En leg niet alle nadruk op de dingen die (voorlopig) niet meer kunnen, maar vooral wat er allemaal wel mogelijk is. Blijf dus vooral positief en maak bijvoorbeeld een lijstje van de dingen die gaan plaats vinden, uiteenlopend van tekening maken, fietstochtje tot knutselen, om maar wat te noemen.
Broertje en zusjes
Die kunnen zo mogelijk nog meer stress ontwikkelen als het patiëntje zelf, bijvoorbeeld vanwege gips, verband, slangetjes e.d.
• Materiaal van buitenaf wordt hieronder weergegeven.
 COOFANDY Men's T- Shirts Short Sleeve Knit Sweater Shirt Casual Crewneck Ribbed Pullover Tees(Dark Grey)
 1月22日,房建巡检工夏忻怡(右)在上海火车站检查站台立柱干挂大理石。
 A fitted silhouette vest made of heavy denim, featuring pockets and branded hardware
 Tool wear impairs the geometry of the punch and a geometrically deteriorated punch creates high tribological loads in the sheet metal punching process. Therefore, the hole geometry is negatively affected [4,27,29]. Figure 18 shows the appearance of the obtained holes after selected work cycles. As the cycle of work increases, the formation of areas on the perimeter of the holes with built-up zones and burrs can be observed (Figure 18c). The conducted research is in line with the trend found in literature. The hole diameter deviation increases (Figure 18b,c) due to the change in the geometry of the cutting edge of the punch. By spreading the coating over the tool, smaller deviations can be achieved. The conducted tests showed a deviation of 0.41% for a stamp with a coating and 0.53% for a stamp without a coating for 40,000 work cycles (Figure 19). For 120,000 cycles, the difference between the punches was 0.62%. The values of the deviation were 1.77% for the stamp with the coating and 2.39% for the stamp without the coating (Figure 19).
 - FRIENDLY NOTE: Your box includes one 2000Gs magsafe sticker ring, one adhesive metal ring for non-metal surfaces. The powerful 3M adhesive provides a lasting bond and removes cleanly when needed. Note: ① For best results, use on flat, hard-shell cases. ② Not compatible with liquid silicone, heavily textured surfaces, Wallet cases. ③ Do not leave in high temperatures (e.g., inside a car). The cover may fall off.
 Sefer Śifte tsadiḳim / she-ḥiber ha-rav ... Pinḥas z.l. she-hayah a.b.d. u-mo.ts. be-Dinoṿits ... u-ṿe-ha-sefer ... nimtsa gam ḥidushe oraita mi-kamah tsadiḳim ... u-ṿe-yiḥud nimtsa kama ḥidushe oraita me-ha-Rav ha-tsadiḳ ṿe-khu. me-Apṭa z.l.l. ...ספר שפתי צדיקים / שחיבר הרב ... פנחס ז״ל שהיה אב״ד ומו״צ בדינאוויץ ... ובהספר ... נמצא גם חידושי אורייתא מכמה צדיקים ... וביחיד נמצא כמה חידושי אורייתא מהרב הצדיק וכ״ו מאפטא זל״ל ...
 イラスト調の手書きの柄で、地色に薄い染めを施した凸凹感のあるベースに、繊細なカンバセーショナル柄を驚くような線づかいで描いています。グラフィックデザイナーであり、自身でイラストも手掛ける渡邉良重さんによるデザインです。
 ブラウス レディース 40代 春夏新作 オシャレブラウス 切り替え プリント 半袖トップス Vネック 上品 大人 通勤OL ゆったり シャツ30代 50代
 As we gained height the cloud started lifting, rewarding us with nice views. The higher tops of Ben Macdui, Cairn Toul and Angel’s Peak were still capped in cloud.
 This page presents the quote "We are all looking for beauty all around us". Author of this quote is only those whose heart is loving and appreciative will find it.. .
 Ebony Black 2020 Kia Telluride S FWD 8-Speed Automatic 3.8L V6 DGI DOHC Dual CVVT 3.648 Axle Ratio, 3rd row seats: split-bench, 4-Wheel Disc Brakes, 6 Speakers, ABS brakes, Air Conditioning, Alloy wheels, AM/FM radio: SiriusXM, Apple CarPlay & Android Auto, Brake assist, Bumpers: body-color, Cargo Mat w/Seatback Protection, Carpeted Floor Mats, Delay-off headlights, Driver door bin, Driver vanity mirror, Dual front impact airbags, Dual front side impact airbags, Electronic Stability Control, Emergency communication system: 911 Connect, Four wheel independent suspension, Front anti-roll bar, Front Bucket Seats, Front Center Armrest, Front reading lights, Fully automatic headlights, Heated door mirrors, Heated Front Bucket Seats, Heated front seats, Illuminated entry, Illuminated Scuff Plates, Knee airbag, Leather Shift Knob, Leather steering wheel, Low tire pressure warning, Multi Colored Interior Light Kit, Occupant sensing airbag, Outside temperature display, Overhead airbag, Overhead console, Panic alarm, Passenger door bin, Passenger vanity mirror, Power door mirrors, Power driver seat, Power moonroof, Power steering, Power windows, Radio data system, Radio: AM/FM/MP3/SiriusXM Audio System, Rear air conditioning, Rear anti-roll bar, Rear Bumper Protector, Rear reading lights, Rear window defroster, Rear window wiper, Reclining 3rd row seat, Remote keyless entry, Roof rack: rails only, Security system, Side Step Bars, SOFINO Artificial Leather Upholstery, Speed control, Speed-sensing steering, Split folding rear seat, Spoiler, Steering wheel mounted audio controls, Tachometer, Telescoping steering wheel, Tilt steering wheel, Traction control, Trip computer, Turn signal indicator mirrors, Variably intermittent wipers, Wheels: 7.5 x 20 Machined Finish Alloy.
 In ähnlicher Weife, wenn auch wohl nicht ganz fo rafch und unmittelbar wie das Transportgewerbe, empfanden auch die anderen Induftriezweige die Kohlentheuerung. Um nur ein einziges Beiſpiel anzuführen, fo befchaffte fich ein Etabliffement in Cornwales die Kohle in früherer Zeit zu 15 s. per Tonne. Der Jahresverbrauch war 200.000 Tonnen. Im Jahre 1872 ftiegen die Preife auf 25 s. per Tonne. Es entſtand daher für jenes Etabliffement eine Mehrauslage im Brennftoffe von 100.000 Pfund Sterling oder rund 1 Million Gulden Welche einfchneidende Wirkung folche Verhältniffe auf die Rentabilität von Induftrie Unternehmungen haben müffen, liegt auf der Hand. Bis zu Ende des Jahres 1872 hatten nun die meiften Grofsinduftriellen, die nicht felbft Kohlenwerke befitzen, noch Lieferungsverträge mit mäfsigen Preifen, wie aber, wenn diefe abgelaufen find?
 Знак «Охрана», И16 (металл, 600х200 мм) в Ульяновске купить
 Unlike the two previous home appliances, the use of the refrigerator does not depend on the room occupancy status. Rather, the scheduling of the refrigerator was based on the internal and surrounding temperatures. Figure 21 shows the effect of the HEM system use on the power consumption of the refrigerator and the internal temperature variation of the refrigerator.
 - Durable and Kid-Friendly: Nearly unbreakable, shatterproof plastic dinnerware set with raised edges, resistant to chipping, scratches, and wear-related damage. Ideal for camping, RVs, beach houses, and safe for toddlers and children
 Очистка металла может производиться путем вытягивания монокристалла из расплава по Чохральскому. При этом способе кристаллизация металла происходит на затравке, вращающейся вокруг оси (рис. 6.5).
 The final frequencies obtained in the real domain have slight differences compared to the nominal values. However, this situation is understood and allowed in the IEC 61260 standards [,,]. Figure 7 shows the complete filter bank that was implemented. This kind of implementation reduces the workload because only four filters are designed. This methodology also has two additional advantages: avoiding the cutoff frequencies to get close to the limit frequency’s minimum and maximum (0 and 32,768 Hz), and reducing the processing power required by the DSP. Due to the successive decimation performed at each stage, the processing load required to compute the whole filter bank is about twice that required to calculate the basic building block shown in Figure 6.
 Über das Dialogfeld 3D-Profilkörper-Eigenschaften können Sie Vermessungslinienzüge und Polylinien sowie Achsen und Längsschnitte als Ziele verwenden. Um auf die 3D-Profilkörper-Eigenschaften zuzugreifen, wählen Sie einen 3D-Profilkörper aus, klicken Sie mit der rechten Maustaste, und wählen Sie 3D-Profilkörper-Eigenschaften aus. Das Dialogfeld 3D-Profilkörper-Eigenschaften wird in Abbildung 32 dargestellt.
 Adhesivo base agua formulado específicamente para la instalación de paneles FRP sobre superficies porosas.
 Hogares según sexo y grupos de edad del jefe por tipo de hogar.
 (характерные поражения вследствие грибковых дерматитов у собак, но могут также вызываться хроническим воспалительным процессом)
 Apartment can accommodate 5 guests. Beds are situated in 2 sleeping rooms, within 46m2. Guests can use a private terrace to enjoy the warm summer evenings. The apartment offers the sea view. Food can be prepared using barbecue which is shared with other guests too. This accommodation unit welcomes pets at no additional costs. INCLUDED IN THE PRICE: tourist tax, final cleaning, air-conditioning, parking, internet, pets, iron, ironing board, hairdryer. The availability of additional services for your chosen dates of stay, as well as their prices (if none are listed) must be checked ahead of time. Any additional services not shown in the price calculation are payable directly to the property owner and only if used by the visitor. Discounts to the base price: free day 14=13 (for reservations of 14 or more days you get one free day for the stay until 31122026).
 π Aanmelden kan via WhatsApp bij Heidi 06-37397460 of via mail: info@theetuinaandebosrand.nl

Daarbij komt dat zij natuurlijk tijdelijk wat minder aandacht krijgen, terwijl ze er juist in deze situatie wellicht ook veel behoefte aan hebben. Geef hen dus ook alle aandacht en leg uit waarom het zo belangrijk is dat ze bijvoorbeeld tijdelijk bij opa en oma moeten logeren.
Uzelf
Stress is een overdraagbare aandoening en daarom is het belangrijk dat u zichzelf op dit punt ook goed onder controle houdt. Dus denk ook aan uw eigen ontspanning en afleiding. En vergeet ook niet met andere volwassenen (vrienden, familie) over uw zorgen en ervaringen te praten. Vraag eventueel een gesprek aan met de maatschappelijk medewerker of psycholoog in het ziekenhuis.